Dash & Lily’s Book of Dares
Rachel Cohn & David Levithan
These are two great authors who wrote one of my favorite books (possibly of all time, although can’t tell for sure; but it’s up there) which also got turned into a movie which I also loved, Nick & Norah’s Infinite Playlist. I have yet to finish Naomi & Ely’s No Kiss List, so maybe that’ll be next on my book pile. But for now I want to talk about this book. THIS BOOK. So many feelings.
Like Let It Snow, Dash & Lily’s Book of Dares was also set around the holidays.
Here’s the thing I’ve noticed about myself during the holidays when everyone’s getting kissed under the mistletoe and I’m in a corner stuffing my face with leftover Halloween candy: I always imagine the characters in the book I’m reading to be actual living people.
I can imagine Lily, this optimistic, Christmas-loving, lebkuchen cookie-baking girl actually scribbling on a red notebook. Or she could be at the Strand, talking to her cousin, asking him to do this one tiny favor. Then threatens him if he refuses. I can see this actually happening.
I can picture Dash hunched over, talking to his dad, annoyed and just a tad snarly. I can see him getting hugs from Boomer, and he actually likes it. Or him going to the supermarket because he ran out of yogurt. I can see someone just like Dash actually doing all of this.

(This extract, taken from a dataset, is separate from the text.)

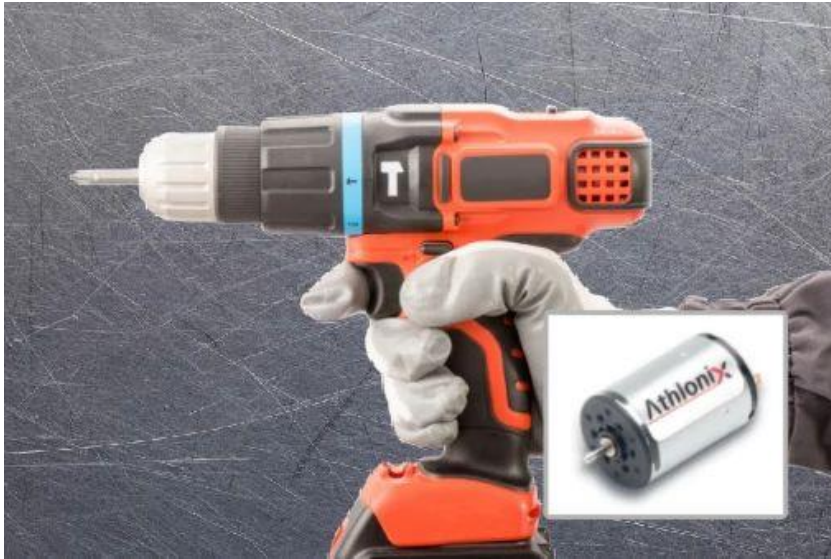
Image 1 : Les moteurs CC sans fer garantissent un fonctionnement sûr et performant des appareils sur batterie
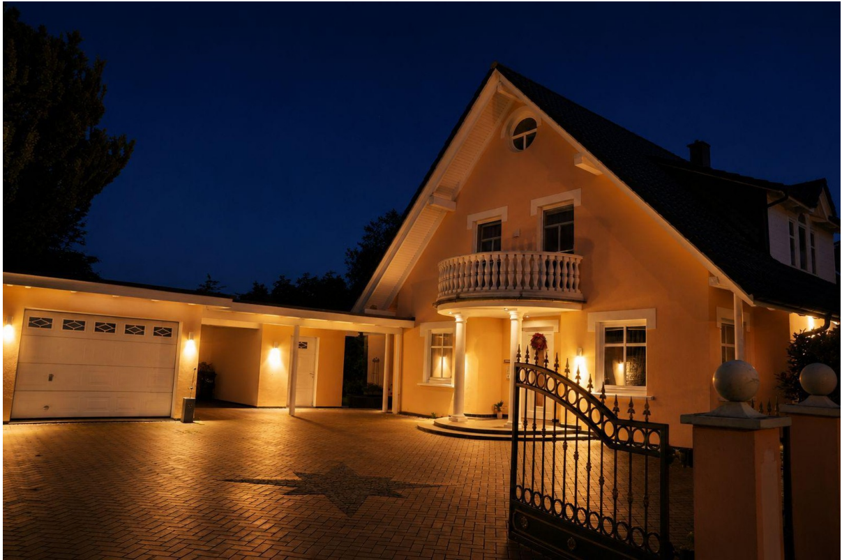
Einfahrt bei Nacht

Cohn & Levithan create these characters that I instantly connect with and fall for. After reading the book I secretly wished to meet someone like Lily, who’ll bake me cookies or take me with her to walk dogs when I’m feeling down; or maybe someone as articulate as Dash, who, even if he’s only just met me, would make sure I got some safe and not leave me all alone in a party just because some guy couldn’t get in my pants. If anything, I wish I was there to witness the story unfold between them.
The book was amazing, I wanted more! I wanted to know what happened next. I wanted to know what didn’t. I wanted to keep reading and falling in love with them. But the book had to end somewhere or else it’ll end up as massive as the unabridged OED. (Book inside joke, sorry?)

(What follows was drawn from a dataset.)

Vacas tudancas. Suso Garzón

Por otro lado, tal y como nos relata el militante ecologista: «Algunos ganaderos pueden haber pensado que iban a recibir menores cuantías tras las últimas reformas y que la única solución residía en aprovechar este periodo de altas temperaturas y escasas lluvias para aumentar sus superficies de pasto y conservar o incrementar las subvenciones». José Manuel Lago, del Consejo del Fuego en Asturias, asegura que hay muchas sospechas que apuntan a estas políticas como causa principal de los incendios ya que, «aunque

I will say this though: Cohn and Levithan can do no wrong in my book.
And now I am so very tempted to go to Barnes & Noble, leave a red notebook with very specific instructions, and wait.
Because sometimes the waiting is the best part.
Some lines that I adored:
It’s moments like this, when you need someone the most, that your world seems smallest.
I want to believe that, despite all the evidence to the contrary, there is reason to hope.
Now could someone please tell me how much it is to make my own Muppet? Maybe I should ask Boomer.